Subnautica Wiki
Register
Advertisement

The Titan Holefish is a large fauna species. It lives in a symbiotic relationship with the Symbiote.

Appearance[]

The Titan Holefish's body is mostly circular and laterally flattened. The body is mostly blue in color, darker towards the top and gradually lightening to white towards the bottom. The face portion of the body is a bright green and features two small blue eyes and a small, toothless mouth. The green coloration continues down the front of the body until it meets the tail fin. The tail fin is blue in color and very large, being taller than the entire body of the Titan though not very long.

The most defining feature of the Titan Holefish is the hole in the side of the body that the name is derived from. The hole is partially filled with a transparent light-blue gel whilst the center is completely empty, leaving a large enough gap for the player to swim through. The gel serves as a nest for the Symbiotes to lay their eggs within, affording protection and transferring essential nutrients and oxygen.

Behaviour[]

The Titan Holefish lives in a symbiotic relationship with a small aggressive fish known as the Symbiote. The Symbiotes lay their eggs within a gel-like substance in the Titan's tail hollow where the eggs are protected and can extract nutrients and oxygen. In return the Symbiotes remove parasites from the Titan's body and mob potential predators that approach the Titan. They swim around aimlessly, normally within sight of other Titans.

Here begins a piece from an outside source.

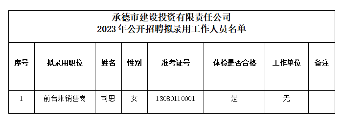 承德市建設(shè)投資有限責(zé)任公司2023年公開招聘擬錄用工作人員公示公告
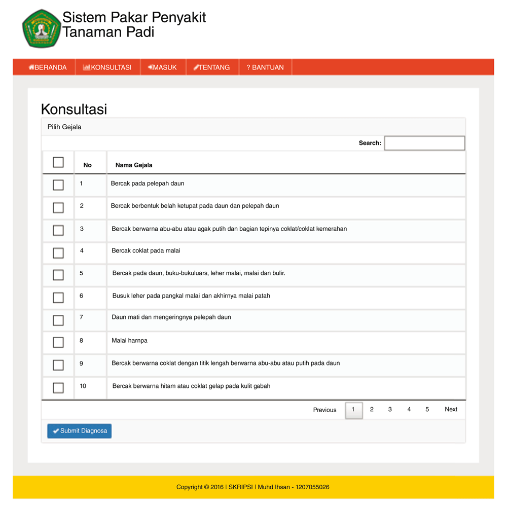 Along with other rapid technological developments, a technology known as Expert System (ES)5–8 has been developed to solve health9–12, education13, and business14, including agriculture15,16, problems. ES is usually designed for a specific condition, i.e. variables of climate in cases of agriculture. This article proposes a new software based on ES for the diagnosis of disease in rice plants in the Samarinda region, Indonesia. Waterfall Paradigm applied in designing this ES. The prototype, Expert System for Rice Plant Disease Diagnosis (ESforRPD2) is available at: http://esforrpd2.blog.unmul.ac.id.

The player can use the Titan Holefish as an oxygen supply, similar to the Oxygen Plant, having the ability to fill up the players oxygen, up to a maximum of 100 seconds. However, to approach the Titan Holefish, the player must avoid or fight off the Symbiotes surrounding the fish. The Titan Holefish is only useful as an emergency oxygen source, as the amount of oxygen is somewhat low and protected by Symbiotes.

Data Bank Entry[]

Titan Holefish
Titan Holefish Ency

A large, docile herbivore which emits oxygen and is defended by the small, aggressive symbiotes which accompany them.

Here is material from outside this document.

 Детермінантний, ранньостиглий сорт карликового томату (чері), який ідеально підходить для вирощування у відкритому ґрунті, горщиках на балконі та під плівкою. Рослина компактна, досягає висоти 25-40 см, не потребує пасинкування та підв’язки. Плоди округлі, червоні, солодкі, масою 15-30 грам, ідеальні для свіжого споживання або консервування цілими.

- Slow, stupid and delicious
- Complex gills line the inside of the hole, drawing cold water in, and emitting warm, oxygen-rich water in its place
- Attracts symbiotes, which make the holefish their home and fiercely ward off any approaching lifeform
- Migrates more or less at random, feeding from nutrients deposited by the symbiotes

The titan holefish has evolved entirely beyond basic survival mechanisms like speed, intelligence or hunting. It exists in a semi-permanent state of unreflective calm, swimming forward on impulse, fully trusting the complex ecosystem which supports it.

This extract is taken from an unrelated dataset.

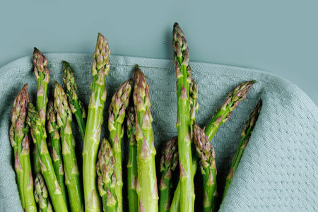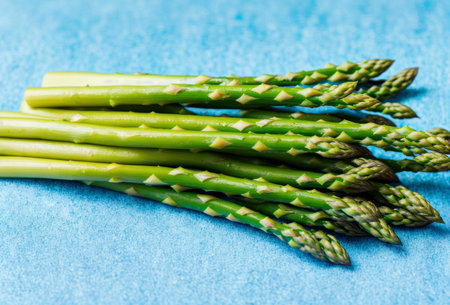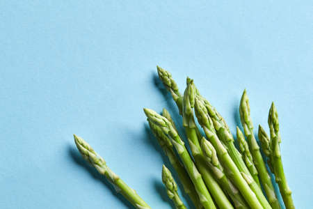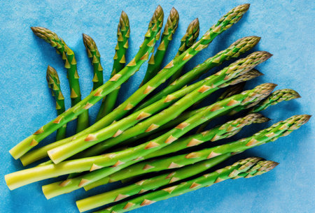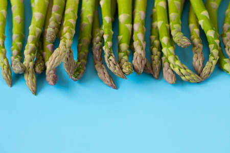 Organic asparagus tips scattered on a sky blue background. AI generated.

Assessment: Valuable oxygen source, if you can reach it

Source: Scan Titan Holefish

Design[]

The appearance of the Titan Holefish is heavily inspired by the ocean sunfish, or Mola mola, the largest bony fish on Earth. The relationship between the Titan Holefish and the Symbiotes somewhat resembles the relationship that cleaner wrasse have with various creatures from fish, to turtles.

Sounds[]


Gallery[]

Trivia[]

  • The “Titan” part of the Titan Holefish’s name is not a size category like leviathan is.
  • The face of the Titan Holefish was added as a custom emote to the official Subnautica Discord server around one month before the creature was revealed to the public.
  • The Titan Holefish is a distant relative of the far smaller Holefish that lives within The Crater.
  • The Titan Holefish and the Symbiote have an inter-species mutualistic relationship, one of only four such relationships observed so far on Planet 4546B. The other three are between the Crabsnake and the Jellyshroom, the Crashfish and the Sulfur Plant, and the Ventgarden and the Spiral Plant.
    • The Titan Holefish-Symbiote relationship also constitutes the only known mutualistic relationship in the Subnautica universe that occurs between two different species of fauna.
  • The Titan Holefish's skeleton can be seen in its data bank entry and is shown to be extremely bizarre, with a bifurcated spine that extends around both sides of the eponymous hole and meets at the tail. Presumably this structure is shared with its smaller relative.